Ele bateu à porta na véspera do dia dos pais.
Passava da meia-noite, e a inesperada presença o incomodou.
Depois de tanto tempo, por que foi aparecer logo agora?
Lembrava-se de que ele desprezava essas datas comemorativas, forjadas por interesses comerciais. Acabou por ter a mesma conduta, sempre repetindo à família que não queria festejos, nem presentes.
Sabia, porém, que era inútil. Amanhã a casa seria tomada pela turba ruidosa de filhos, genros, noras e netos. No fundo, isso não o desagradava, apenas não via sentido em ser homenageado pela simples condição de pai.
Mantiveram uma relação tempestuosa durante toda a vida, com inúmeros conflitos e poucos pontos de convergência, o que talvez explicasse o distanciamento gradual, que um dia se tornou definitivo.
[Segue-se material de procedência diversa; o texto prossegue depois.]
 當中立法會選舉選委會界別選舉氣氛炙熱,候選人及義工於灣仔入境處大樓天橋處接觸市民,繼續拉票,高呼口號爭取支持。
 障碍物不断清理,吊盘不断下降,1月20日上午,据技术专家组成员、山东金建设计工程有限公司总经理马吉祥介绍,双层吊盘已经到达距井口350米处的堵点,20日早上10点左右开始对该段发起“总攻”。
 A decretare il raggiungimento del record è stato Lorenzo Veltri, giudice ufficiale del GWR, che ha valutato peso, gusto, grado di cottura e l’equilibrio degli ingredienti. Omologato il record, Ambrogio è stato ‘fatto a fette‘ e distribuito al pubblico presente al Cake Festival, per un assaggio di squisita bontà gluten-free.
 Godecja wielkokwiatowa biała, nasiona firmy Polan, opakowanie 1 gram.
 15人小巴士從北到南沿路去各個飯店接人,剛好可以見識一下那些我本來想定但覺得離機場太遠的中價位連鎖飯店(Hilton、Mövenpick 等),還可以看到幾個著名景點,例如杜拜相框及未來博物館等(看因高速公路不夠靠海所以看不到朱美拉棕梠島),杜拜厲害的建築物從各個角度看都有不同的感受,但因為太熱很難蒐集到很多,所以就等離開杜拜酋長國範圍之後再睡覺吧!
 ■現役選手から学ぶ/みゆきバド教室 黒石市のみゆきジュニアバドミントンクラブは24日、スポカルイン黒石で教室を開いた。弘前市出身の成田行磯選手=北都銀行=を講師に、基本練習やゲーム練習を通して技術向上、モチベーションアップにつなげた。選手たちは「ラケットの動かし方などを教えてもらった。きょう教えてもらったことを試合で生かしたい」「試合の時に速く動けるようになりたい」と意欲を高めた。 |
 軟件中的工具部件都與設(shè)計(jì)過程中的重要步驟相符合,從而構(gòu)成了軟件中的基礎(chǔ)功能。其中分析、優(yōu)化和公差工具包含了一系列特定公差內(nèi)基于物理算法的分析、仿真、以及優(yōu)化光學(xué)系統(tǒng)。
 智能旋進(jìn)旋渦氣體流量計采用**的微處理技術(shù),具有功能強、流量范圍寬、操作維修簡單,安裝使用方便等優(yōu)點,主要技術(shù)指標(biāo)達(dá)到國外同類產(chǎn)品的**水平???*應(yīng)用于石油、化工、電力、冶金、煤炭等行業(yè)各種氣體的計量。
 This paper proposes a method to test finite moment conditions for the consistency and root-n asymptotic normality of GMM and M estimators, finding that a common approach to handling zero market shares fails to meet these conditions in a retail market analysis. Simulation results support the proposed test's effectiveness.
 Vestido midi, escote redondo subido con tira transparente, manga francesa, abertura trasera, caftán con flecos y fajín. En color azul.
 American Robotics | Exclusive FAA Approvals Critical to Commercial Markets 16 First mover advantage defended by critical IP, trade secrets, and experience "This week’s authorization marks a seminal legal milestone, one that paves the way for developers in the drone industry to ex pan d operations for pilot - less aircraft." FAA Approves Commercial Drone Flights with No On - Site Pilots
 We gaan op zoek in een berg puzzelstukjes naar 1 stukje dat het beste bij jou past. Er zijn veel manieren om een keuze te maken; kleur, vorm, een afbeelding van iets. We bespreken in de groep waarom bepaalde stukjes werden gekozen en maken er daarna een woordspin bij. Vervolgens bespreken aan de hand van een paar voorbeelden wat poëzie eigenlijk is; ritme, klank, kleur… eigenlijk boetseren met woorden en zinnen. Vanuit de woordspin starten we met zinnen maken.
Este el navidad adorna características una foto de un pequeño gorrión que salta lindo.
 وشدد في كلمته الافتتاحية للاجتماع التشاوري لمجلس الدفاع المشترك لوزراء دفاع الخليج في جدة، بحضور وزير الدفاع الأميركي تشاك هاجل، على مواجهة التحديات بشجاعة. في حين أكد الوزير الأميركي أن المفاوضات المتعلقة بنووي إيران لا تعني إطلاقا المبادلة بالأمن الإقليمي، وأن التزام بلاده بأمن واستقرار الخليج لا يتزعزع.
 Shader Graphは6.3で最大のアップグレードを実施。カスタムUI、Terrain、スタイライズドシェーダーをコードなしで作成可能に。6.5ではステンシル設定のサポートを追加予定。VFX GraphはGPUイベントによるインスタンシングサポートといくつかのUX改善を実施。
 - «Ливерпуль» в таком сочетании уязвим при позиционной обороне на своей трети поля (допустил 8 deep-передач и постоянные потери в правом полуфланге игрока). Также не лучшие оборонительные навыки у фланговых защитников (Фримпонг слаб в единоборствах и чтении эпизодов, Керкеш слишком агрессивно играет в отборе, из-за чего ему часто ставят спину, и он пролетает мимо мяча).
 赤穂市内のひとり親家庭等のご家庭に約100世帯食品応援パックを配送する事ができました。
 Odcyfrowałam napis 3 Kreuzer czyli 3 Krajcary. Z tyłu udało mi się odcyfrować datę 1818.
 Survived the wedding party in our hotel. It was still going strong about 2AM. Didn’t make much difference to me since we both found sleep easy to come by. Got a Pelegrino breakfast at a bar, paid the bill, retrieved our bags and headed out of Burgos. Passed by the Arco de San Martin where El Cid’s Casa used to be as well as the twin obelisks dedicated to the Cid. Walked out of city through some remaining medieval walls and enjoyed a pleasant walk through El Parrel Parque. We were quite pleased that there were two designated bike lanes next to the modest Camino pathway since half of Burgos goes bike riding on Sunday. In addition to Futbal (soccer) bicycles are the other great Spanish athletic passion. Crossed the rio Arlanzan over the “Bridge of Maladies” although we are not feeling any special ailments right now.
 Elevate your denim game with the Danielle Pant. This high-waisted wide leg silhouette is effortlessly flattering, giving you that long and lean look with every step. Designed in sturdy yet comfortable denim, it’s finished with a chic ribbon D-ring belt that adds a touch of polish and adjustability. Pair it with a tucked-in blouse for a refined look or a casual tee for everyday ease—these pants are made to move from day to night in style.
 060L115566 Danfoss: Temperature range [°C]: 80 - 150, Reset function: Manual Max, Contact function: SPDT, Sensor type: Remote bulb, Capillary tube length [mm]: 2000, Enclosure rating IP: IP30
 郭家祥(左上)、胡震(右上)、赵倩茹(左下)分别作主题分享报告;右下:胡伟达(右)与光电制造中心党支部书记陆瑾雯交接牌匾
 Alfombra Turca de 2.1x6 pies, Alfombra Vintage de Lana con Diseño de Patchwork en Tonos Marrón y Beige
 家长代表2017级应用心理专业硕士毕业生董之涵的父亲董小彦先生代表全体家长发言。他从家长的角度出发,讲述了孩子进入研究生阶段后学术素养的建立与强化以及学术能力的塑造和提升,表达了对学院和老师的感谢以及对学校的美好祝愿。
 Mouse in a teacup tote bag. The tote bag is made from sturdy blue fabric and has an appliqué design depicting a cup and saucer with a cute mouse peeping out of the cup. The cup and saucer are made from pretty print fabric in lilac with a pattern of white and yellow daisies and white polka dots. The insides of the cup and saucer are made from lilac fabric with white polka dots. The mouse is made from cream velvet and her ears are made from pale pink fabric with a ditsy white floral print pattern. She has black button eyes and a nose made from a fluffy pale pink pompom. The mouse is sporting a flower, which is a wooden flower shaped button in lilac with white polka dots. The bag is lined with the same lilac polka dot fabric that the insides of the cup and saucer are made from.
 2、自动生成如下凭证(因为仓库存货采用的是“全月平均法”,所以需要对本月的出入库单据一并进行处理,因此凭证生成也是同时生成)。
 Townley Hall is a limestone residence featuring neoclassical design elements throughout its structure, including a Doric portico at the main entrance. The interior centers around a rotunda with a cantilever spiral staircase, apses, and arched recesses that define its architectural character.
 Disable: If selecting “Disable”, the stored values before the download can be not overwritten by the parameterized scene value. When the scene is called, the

Fitando-se de perto, verificou que, passados os anos, ele parecia o mesmo do retrato na estante. A mesma fronte alta, com cabelos ralos e embranquecidos, mas volumosos e encaracolados nas laterais e na nuca. O mesmo olhar ressabiado, o mesmo esboço de sorriso, com algo de sarcástico. As mesmas mãos de palmas largas e dedos curtos, “mãos de semeador”, costumava ele dizer. Apresentava ainda a mesma inquietude, o mesmo andar apressado, o mesmo jeito de sentar e balançar as pernas.
A voz também era quase a mesma, mas não era preciso falar. Ele sempre apreciara o silêncio da noite.
De vez. em quando ele se levantava, ia até ao banheiro, ou à cozinha tomar água e café. De volta à sala, remexia nos livros da estante, folheava, lia algumas páginas, antes de recolocar na prateleira.
Acabou por adormecer na poltrona, com um livro entreaberto nas mãos.
Amanhecia quando finalmente resolveu se deitar.
Ao entrar no quarto, o espelho do armário trocou com ele o mesmo olhar do retrato na estante da sala.